| Provided information |
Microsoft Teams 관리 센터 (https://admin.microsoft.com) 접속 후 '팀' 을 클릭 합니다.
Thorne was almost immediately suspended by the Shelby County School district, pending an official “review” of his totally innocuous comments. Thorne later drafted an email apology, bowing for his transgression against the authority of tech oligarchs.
* * *
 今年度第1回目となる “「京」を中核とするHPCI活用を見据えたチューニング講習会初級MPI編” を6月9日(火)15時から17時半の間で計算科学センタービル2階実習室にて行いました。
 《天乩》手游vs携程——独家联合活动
--
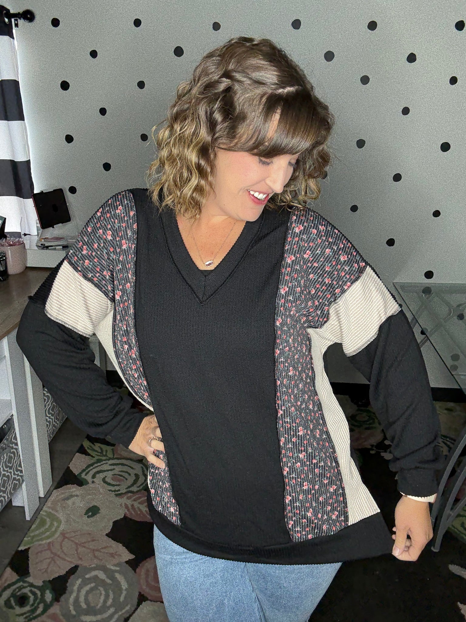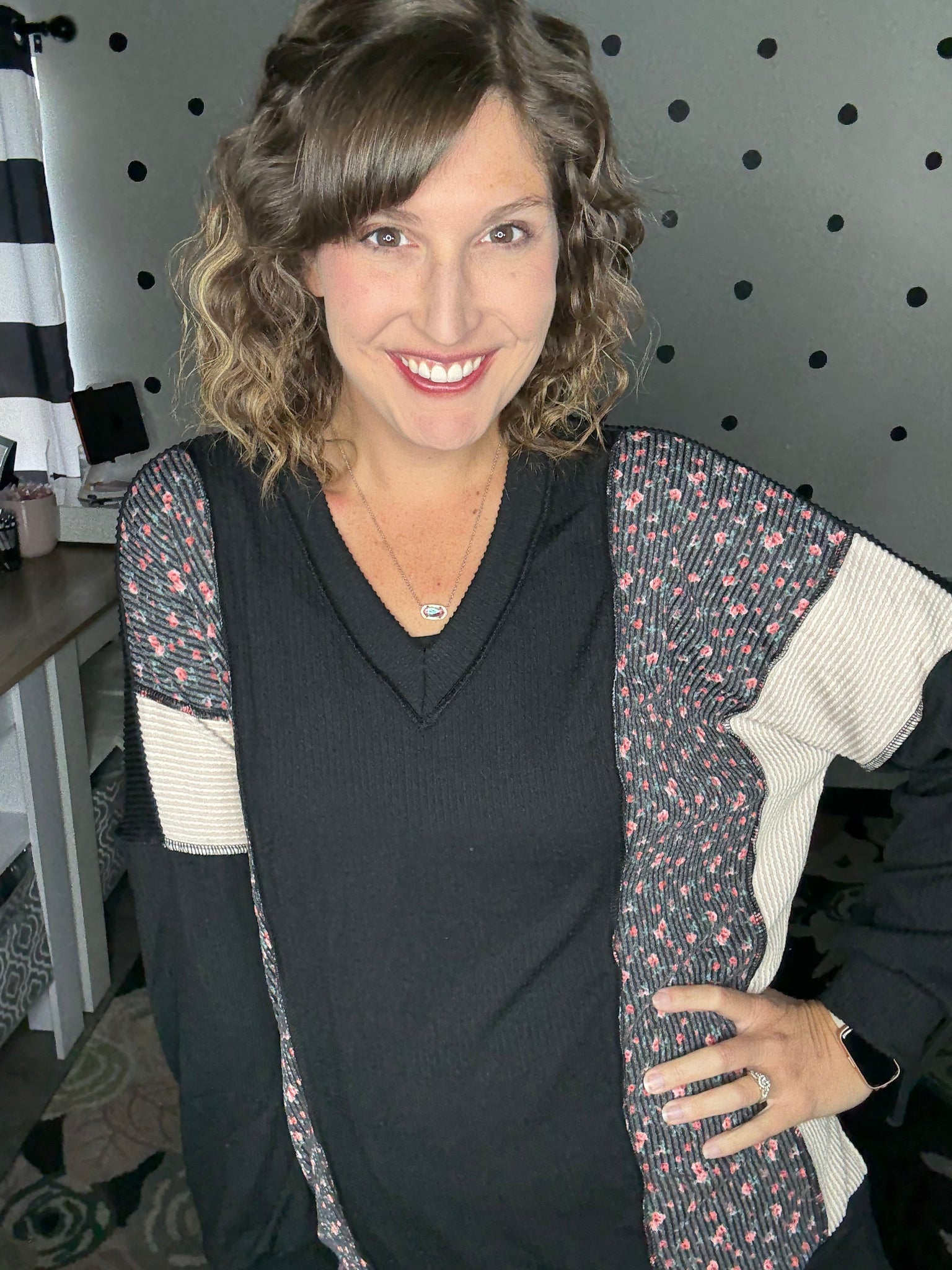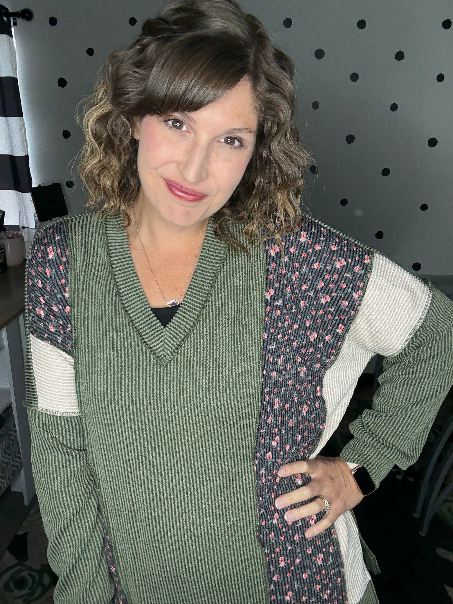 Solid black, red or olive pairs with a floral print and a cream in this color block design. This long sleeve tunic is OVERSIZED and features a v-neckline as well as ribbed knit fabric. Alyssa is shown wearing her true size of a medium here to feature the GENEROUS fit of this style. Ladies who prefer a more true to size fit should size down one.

| What the task asks |
Where the line holding "Microsoft Teams 관리" appears in the listing above, start reproducing exactly, and end with the line holding "Thorne was almost".

| Output below |
Microsoft Teams 관리 센터 (https://admin.microsoft.com) 접속 후 '팀' 을 클릭 합니다.
Thorne was almost immediately suspended by the Shelby County School district, pending an official “review” of his totally innocuous comments. Thorne later drafted an email apology, bowing for his transgression against the authority of tech oligarchs.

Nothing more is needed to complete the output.